**Data extract**
┄┄┄┄┄┄┄┄┄┄┄┄┄┄┄┄┄┄┄┄
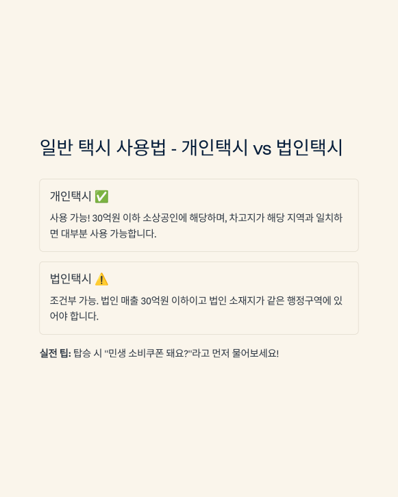 개인 택시 ✅ 사용 가능 (30억원 이하 소상공인에 해당)
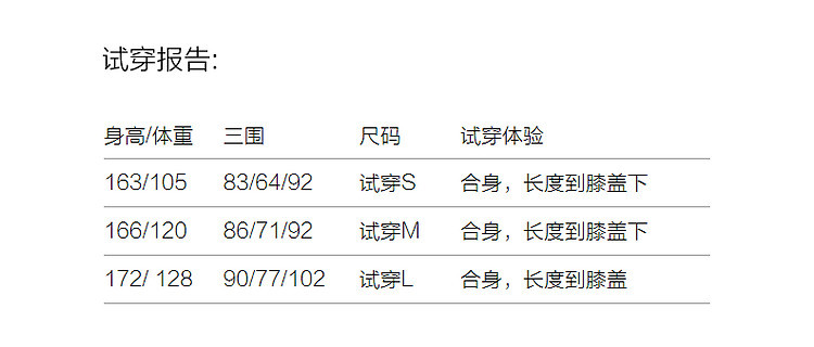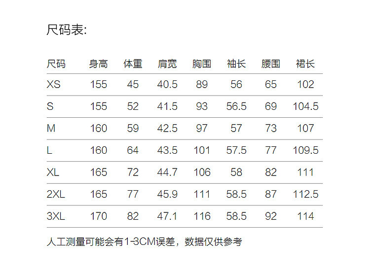 | 尺码 | 裙长(cm) | 肩宽(cm) | 腰围(cm) | 袖长(cm) | 胸围(cm) | 号型 |
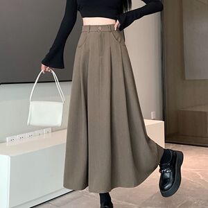 春と秋の女性用黒スーツスカート、ミドル丈、ハイウエスト、スリム、ドレープ、Aライン、大きな裾のアンブレラスカート、プリーツロングスカート
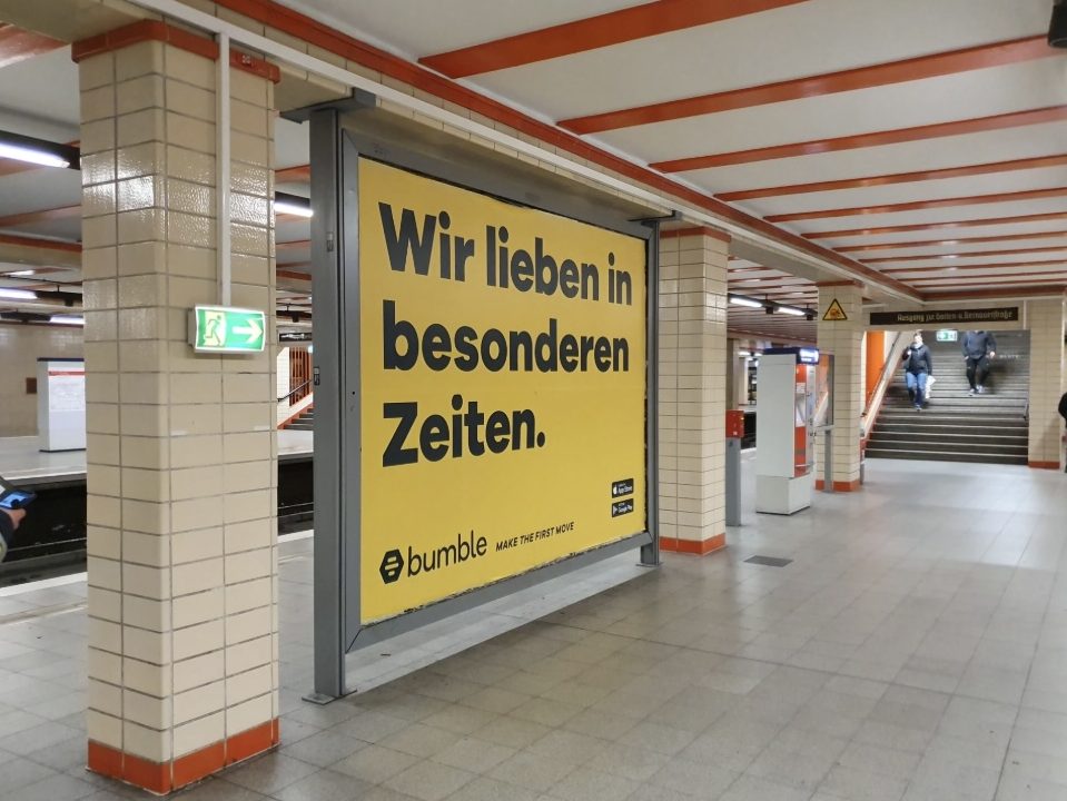 Dating proved a tough challenge during the pandemic. Bumble tapped into the mood with witty lines that gave people hope. Instead of simply translating the UK campaign, I created lines that resonated locally, in Berlin, Hamburg and Munich, encouraging lonely hearts to connect.
┄┄┄┄┄┄┄┄┄┄┄┄┄┄┄┄┄┄┄┄
**What is expected**
Would you mind transcribing the material exactly, without the pictures?

**Response**
 개인 택시 ✅ 사용 가능 (30억원 이하 소상공인에 해당)
 | 尺码 | 裙长(cm) | 肩宽(cm) | 腰围(cm) | 袖长(cm) | 胸围(cm) | 号型 |
 春と秋の女性用黒スーツスカート、ミドル丈、ハイウエスト、スリム、ドレープ、Aライン、大きな裾のアンブレラスカート、プリーツロングスカート
 Dating proved a tough challenge during the pandemic. Bumble tapped into the mood with witty lines that gave people hope. Instead of simply translating the UK campaign, I created lines that resonated locally, in Berlin, Hamburg and Munich, encouraging lonely hearts to connect.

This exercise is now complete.